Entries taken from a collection

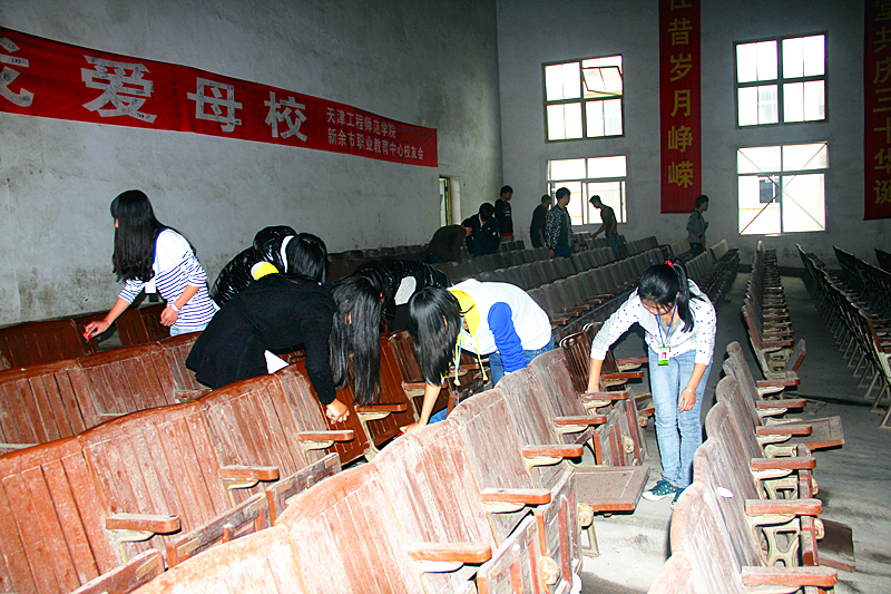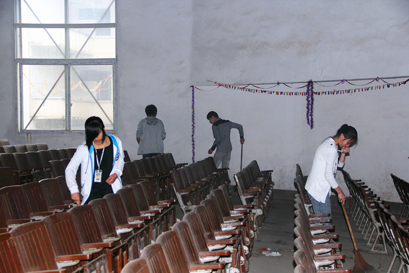 清扫过程中,团员们发扬不怕苦不怕累的精神,认真地清扫礼堂的地面、墙面、擦拭椅子上的灰尘。汗水虽然浸湿了他们的衣服,但志愿者们的脸上露出了满意的微笑。通过大家的共同努力,礼堂焕然一新,团员们用实际行动迎接“五·四”青年节的到来。
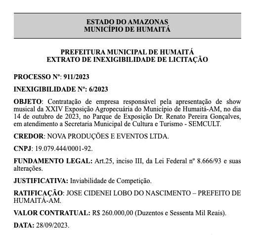 O contrato foi firmado por meio de inexigibilidade de licitação, conforme extrato publicado no Diário Oficial dos Municípios do Amazonas nesta sexta-feira (29).
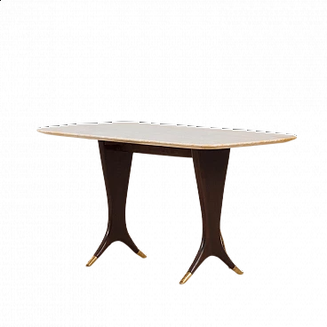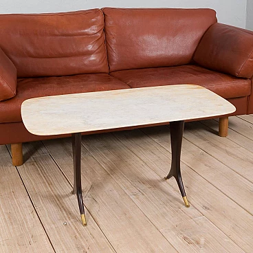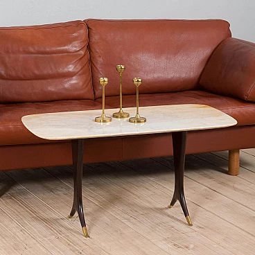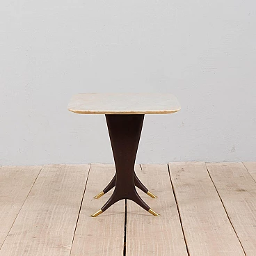 Tavolino in mogano massiccio con piano in marmo e piedi in ottone di Guglielmo Ulrich, anni '50
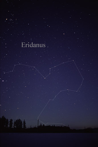 English: The northern two-thirds of constellation Eridanus, the river, as it can be seen by the naked eye in January in central Europe – above a southern horizon as most charts show constellations. |
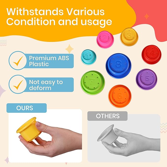 • DURABLE & SAFE - Our toddler stacking cups are manufactured with high-quality, BPA-free, non-toxic materials to ensure your child's safety. These stack cups form an excellent and secure playtime companion being the perfect stackable cups for babies, they are designed with utmost care to be both enjoyable and safe.
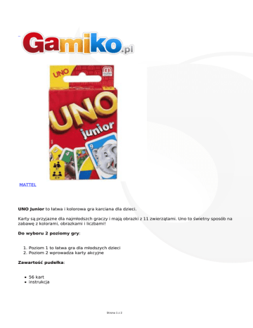 MATTEL UNO Junior to łatwa i kolorowa gra karciana dla dzieci. Karty są przyjazne dla najmłodszch graczy i mają obrazki z 11 zwierzątami. Uno to świetny sposób na zabawę z kolorami, obrazkami i liczbami! Do wyboru 2 poziomy gry: 1. Poziom 1 to łatwa gra dla młodszych dzieci 2. Poziom 2 wprowadza karty akcyjne Zawartość pudełka: 56 kart instrukcja Strona 1 z 2 Wiek 3+ Liczba graczy 2-4 Producent MATTEL Strona 2 z 2
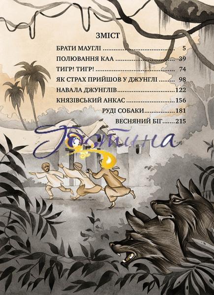 Лауреат Нобелівської премії з літератури Джозеф Редьярд Кіплінг розповідає цікаву історію індійського хлопчика Мауглі, якого прихистила й виховала в джунглях вовча зграя. Сміливий і кмітливий Мауглі разом з вірними друзями переміг зажерливого Шер-Хана, підступних Бандар-логів і лютих Дгоулів — Рудих Собак. Це одна з тих вічних історій, що захоплюватиме і юних, і дорослих читачів у всі часи.

Directions
Could you transcribe the records above exactly, leaving every picture out?

Answer for this exercise
 清扫过程中,团员们发扬不怕苦不怕累的精神,认真地清扫礼堂的地面、墙面、擦拭椅子上的灰尘。汗水虽然浸湿了他们的衣服,但志愿者们的脸上露出了满意的微笑。通过大家的共同努力,礼堂焕然一新,团员们用实际行动迎接“五·四”青年节的到来。
 O contrato foi firmado por meio de inexigibilidade de licitação, conforme extrato publicado no Diário Oficial dos Municípios do Amazonas nesta sexta-feira (29).
 Tavolino in mogano massiccio con piano in marmo e piedi in ottone di Guglielmo Ulrich, anni '50
 English: The northern two-thirds of constellation Eridanus, the river, as it can be seen by the naked eye in January in central Europe – above a southern horizon as most charts show constellations. |
 • DURABLE & SAFE - Our toddler stacking cups are manufactured with high-quality, BPA-free, non-toxic materials to ensure your child's safety. These stack cups form an excellent and secure playtime companion being the perfect stackable cups for babies, they are designed with utmost care to be both enjoyable and safe.
 MATTEL UNO Junior to łatwa i kolorowa gra karciana dla dzieci. Karty są przyjazne dla najmłodszch graczy i mają obrazki z 11 zwierzątami. Uno to świetny sposób na zabawę z kolorami, obrazkami i liczbami! Do wyboru 2 poziomy gry: 1. Poziom 1 to łatwa gra dla młodszych dzieci 2. Poziom 2 wprowadza karty akcyjne Zawartość pudełka: 56 kart instrukcja Strona 1 z 2 Wiek 3+ Liczba graczy 2-4 Producent MATTEL Strona 2 z 2
 Лауреат Нобелівської премії з літератури Джозеф Редьярд Кіплінг розповідає цікаву історію індійського хлопчика Мауглі, якого прихистила й виховала в джунглях вовча зграя. Сміливий і кмітливий Мауглі разом з вірними друзями переміг зажерливого Шер-Хана, підступних Бандар-логів і лютих Дгоулів — Рудих Собак. Це одна з тих вічних історій, що захоплюватиме і юних, і дорослих читачів у всі часи.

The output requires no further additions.